> _BRIEF_:
Down to the last line, print the entries below exactly, and keep every picture out of the copy.

(Collected data entries)
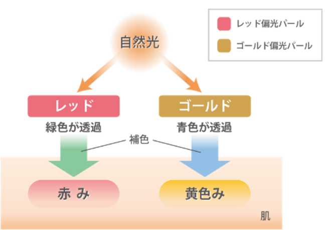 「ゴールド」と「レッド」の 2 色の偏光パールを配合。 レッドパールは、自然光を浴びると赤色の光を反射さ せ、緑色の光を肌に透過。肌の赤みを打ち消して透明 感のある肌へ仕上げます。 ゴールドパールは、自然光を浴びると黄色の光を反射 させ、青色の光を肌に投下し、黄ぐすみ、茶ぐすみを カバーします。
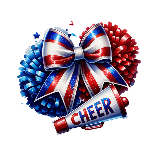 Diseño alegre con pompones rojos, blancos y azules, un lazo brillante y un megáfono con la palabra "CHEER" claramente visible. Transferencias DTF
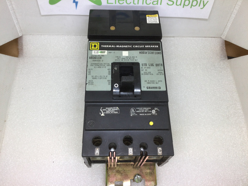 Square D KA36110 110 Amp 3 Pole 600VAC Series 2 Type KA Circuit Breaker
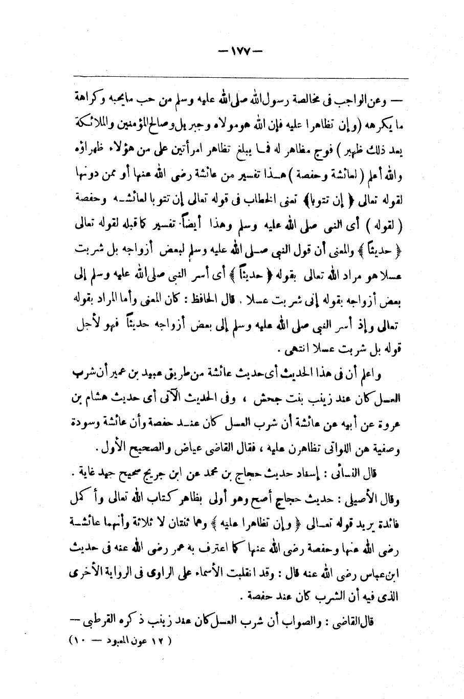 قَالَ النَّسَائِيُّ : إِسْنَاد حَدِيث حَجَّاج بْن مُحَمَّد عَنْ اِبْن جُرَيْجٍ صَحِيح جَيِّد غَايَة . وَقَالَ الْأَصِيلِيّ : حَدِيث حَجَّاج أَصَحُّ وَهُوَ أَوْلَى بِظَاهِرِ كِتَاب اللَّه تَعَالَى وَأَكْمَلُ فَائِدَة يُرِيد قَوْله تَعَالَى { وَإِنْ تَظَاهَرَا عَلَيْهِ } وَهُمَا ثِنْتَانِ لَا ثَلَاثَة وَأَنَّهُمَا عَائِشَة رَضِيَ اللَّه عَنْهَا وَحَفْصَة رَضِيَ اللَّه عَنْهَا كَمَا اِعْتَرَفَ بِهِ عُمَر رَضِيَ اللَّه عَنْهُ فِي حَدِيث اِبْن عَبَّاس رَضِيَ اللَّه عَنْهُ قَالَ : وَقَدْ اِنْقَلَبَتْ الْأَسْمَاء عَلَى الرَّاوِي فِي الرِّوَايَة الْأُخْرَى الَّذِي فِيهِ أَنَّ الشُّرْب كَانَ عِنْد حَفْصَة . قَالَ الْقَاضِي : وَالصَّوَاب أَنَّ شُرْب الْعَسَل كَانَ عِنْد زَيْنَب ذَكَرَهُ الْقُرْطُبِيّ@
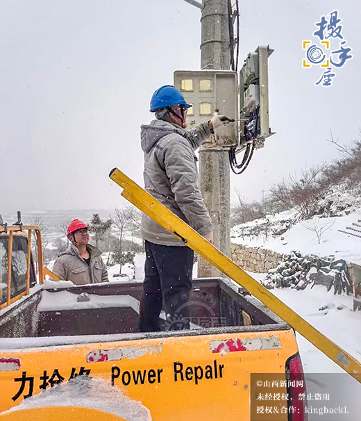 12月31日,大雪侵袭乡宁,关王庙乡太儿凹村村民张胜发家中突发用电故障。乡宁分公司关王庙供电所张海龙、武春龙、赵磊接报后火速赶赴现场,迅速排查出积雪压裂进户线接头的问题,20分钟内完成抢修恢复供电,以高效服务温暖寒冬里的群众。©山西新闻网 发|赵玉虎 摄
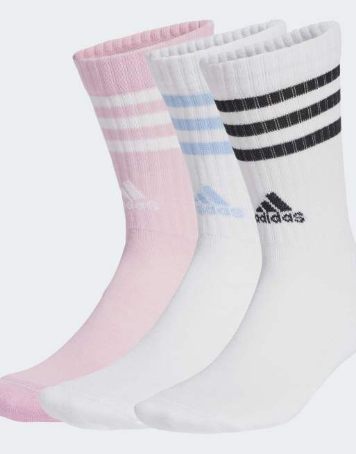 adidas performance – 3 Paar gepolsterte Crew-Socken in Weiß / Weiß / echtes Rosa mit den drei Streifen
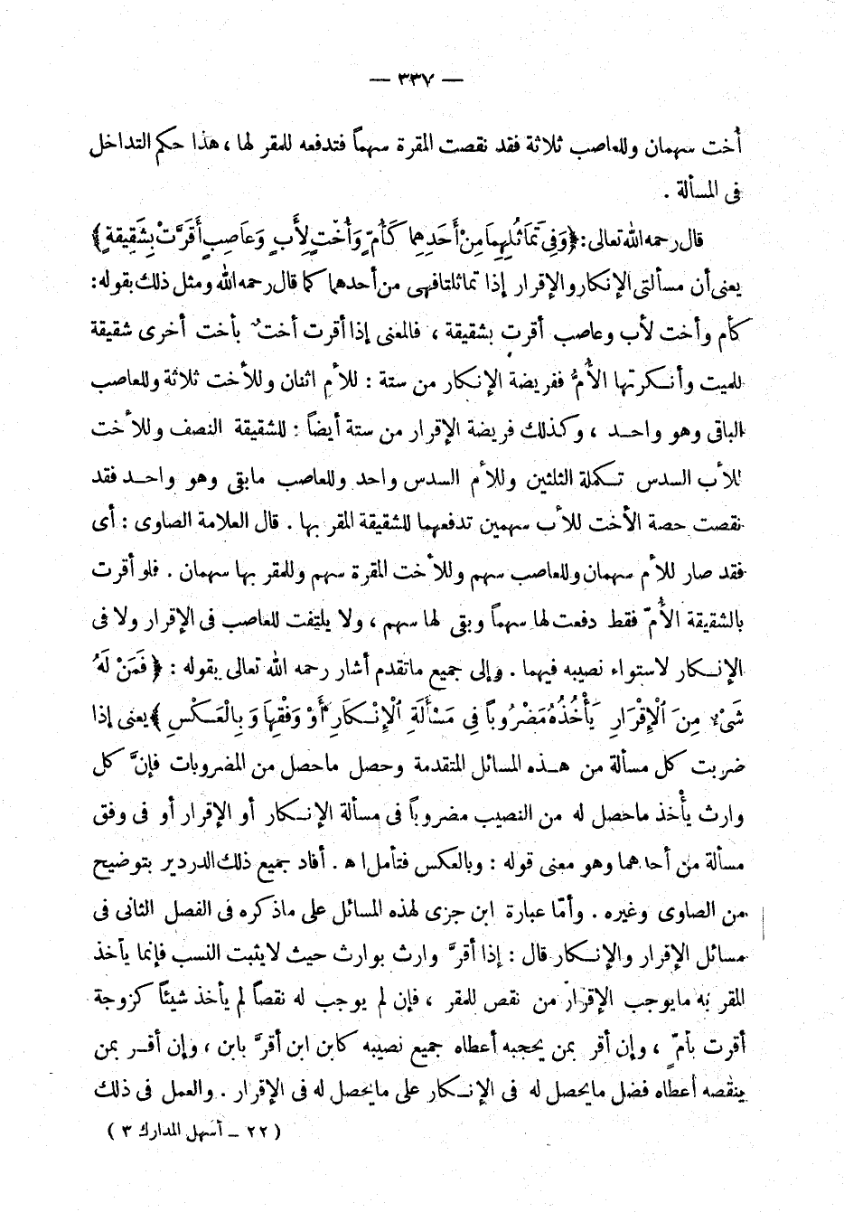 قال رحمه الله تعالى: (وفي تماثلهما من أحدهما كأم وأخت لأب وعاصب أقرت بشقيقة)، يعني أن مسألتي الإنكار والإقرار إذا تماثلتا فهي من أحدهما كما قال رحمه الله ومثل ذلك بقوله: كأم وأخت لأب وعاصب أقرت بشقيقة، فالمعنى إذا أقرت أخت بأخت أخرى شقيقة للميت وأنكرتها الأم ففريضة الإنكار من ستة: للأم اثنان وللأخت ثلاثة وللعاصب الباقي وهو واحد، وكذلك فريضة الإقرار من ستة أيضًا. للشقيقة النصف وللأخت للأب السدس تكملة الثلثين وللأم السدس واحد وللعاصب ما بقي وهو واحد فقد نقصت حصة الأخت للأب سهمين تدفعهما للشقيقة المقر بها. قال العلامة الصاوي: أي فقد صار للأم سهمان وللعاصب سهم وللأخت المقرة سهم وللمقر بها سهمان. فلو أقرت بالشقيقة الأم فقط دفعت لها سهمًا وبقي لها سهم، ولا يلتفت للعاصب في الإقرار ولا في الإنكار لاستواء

> _EXERCISE OUTPUT_:
 「ゴールド」と「レッド」の 2 色の偏光パールを配合。 レッドパールは、自然光を浴びると赤色の光を反射さ せ、緑色の光を肌に透過。肌の赤みを打ち消して透明 感のある肌へ仕上げます。 ゴールドパールは、自然光を浴びると黄色の光を反射 させ、青色の光を肌に投下し、黄ぐすみ、茶ぐすみを カバーします。
 Diseño alegre con pompones rojos, blancos y azules, un lazo brillante y un megáfono con la palabra "CHEER" claramente visible. Transferencias DTF
 Square D KA36110 110 Amp 3 Pole 600VAC Series 2 Type KA Circuit Breaker
 قَالَ النَّسَائِيُّ : إِسْنَاد حَدِيث حَجَّاج بْن مُحَمَّد عَنْ اِبْن جُرَيْجٍ صَحِيح جَيِّد غَايَة . وَقَالَ الْأَصِيلِيّ : حَدِيث حَجَّاج أَصَحُّ وَهُوَ أَوْلَى بِظَاهِرِ كِتَاب اللَّه تَعَالَى وَأَكْمَلُ فَائِدَة يُرِيد قَوْله تَعَالَى { وَإِنْ تَظَاهَرَا عَلَيْهِ } وَهُمَا ثِنْتَانِ لَا ثَلَاثَة وَأَنَّهُمَا عَائِشَة رَضِيَ اللَّه عَنْهَا وَحَفْصَة رَضِيَ اللَّه عَنْهَا كَمَا اِعْتَرَفَ بِهِ عُمَر رَضِيَ اللَّه عَنْهُ فِي حَدِيث اِبْن عَبَّاس رَضِيَ اللَّه عَنْهُ قَالَ : وَقَدْ اِنْقَلَبَتْ الْأَسْمَاء عَلَى الرَّاوِي فِي الرِّوَايَة الْأُخْرَى الَّذِي فِيهِ أَنَّ الشُّرْب كَانَ عِنْد حَفْصَة . قَالَ الْقَاضِي : وَالصَّوَاب أَنَّ شُرْب الْعَسَل كَانَ عِنْد زَيْنَب ذَكَرَهُ الْقُرْطُبِيّ@
 12月31日,大雪侵袭乡宁,关王庙乡太儿凹村村民张胜发家中突发用电故障。乡宁分公司关王庙供电所张海龙、武春龙、赵磊接报后火速赶赴现场,迅速排查出积雪压裂进户线接头的问题,20分钟内完成抢修恢复供电,以高效服务温暖寒冬里的群众。©山西新闻网 发|赵玉虎 摄
 adidas performance – 3 Paar gepolsterte Crew-Socken in Weiß / Weiß / echtes Rosa mit den drei Streifen
 قال رحمه الله تعالى: (وفي تماثلهما من أحدهما كأم وأخت لأب وعاصب أقرت بشقيقة)، يعني أن مسألتي الإنكار والإقرار إذا تماثلتا فهي من أحدهما كما قال رحمه الله ومثل ذلك بقوله: كأم وأخت لأب وعاصب أقرت بشقيقة، فالمعنى إذا أقرت أخت بأخت أخرى شقيقة للميت وأنكرتها الأم ففريضة الإنكار من ستة: للأم اثنان وللأخت ثلاثة وللعاصب الباقي وهو واحد، وكذلك فريضة الإقرار من ستة أيضًا. للشقيقة النصف وللأخت للأب السدس تكملة الثلثين وللأم السدس واحد وللعاصب ما بقي وهو واحد فقد نقصت حصة الأخت للأب سهمين تدفعهما للشقيقة المقر بها. قال العلامة الصاوي: أي فقد صار للأم سهمان وللعاصب سهم وللأخت المقرة سهم وللمقر بها سهمان. فلو أقرت بالشقيقة الأم فقط دفعت لها سهمًا وبقي لها سهم، ولا يلتفت للعاصب في الإقرار ولا في الإنكار لاستواء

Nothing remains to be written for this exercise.